39. The claimant has prayed for the sum of Kshs 425,770/= being service pay. Service pay is payable pursuant to section 35 (5) of the Employment Act in cases where termination is pursuant to a notice. Further and in light of the provisions of section 35(6) (d) of the Employment Act, employees who are entitled to payment of National Social Security Fund (NSSF), are not eligible for service pay. In the instant case, the claimant’s pay slip indicates that he was a member of the NSSF, thus bringing him within the ambit of the exclusions under section 35(6) of the Employment Act. In the circumstances, I find that he is not entitled to service pay hence the claim fails. To this end, he may follow up for his dues from the NSSF.

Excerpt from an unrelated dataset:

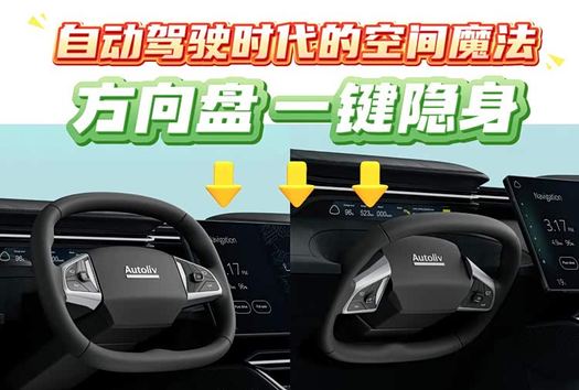 想象一下,你坐进 2026 年量产的Autoliv泰森机器人车,准备开启一场跨城之旅。轻点中控屏切换至 L4 级自动驾驶模式,原本熟悉的方向盘便缓缓收起,融入仪表板的轮廓之中,仿佛从未存在过。瞬间,驾驶席区域彻底解放,原本被方向盘占据的空间豁然开朗 —— 你可以舒展四肢靠在座椅上,享受堪比头等舱的宽敞坐姿;也可以与同行者围坐畅谈,让座舱变身移动的社交客厅;甚至能铺开电脑处理工作,或是打开绘本陪孩子阅读,小小的车内空间被赋予了多元场景的无限可能。这便是收纳式方向盘带来的魔法,它打破了传统汽车 “以驾驶为中心” 的空间逻辑,让座舱从单一的驾驶载体,升级为灵活多变的生活场景。

Salary for days worked in March, 2016

40. The claimant has contended that he was not paid his salary for the days worked prior to his dismissal. The claimant admitted this entitlement in its defence under paragraph 8, save that it averred that the period worked is 6 days. As I have found that the claimant’s absence from work was not substantiated, the court arrives at the conclusion that he is entitled to payment for the 10 days he worked in March, 2016, prior to his summary dismissal.

Compensatory damages

41. The claimant seeks maximum compensatory damages in the sum of Kshs 360,000/=. Having found that his dismissal was unfair, I will award the claimant compensatory damages equivalent to seven (7) months’ gross salary. This award has been informed by the length of the employment relationship and the fact that respondent did not justify the reasons for the claimant’s dismissal and failed to accord him a fair hearing.

Certificate of service

42. The employment relationship having been admitted, the claimant is entitled to a certificate of service pursuant to section 51(1) of the Employment Act.

Conclusion

43. In the final analysis, I enter judgment in favour of the claimant as follows:

a.7 months’ gross salary in compensation……………Kshs 210,000. 00

b. 4 month’s salary in lieu of notice…………………...Kshs 120,000. 00

c. Untaken leave days…………………………………Kshs    4,300. 00

d. 10 days worked in march, 2016……………………. Kshs   10,000. 00

Total                                                                         Kshs 236,300. 00

44. The award will be subject to interest at court rates from the date of judgment until payment in full.

45. The respondent shall also bear the costs of this claim.

DATED, SIGNEDAND DELIVERED AT NAIROBI THIS 30TH DAY OF NOVEMBER, 2021

.............................

STELLA RUTTO

JUDGE

Appearance:

For Claimant               Mr. Kirimi

For the Respondent      No appearance

Court assistant             Barille Sora

ORDER

In view of the declaration of measures restricting court operations due to the COVID-19 pandemic and in light of the directions issued by His Lordship, the Chief Justice on 15th March 2020 and subsequent directions of 21st April 2020 that judgments and rulings shall be delivered through video conferencing or via email.  They have waived compliance with Order 21 Rule 1 of the Civil Procedure Rules, which requires that all judgments and rulings be pronounced in open court. In permitting this course, this court had been guided by Article 159(2)(d) of the Constitution which requires the court to eschew undue technicalities in delivering justice, the right of access to justice guaranteed to every person under Article 48 of the Constitution and the provisions of Section 1B of the Civil Procedure Act (Chapter 21 of the Laws of Kenya) which impose on this court the duty of the court, inter alia, to use suitable technology to enhance the overriding objective which is to facilitate just, expeditious, proportionate and affordable resolution of civil disputes.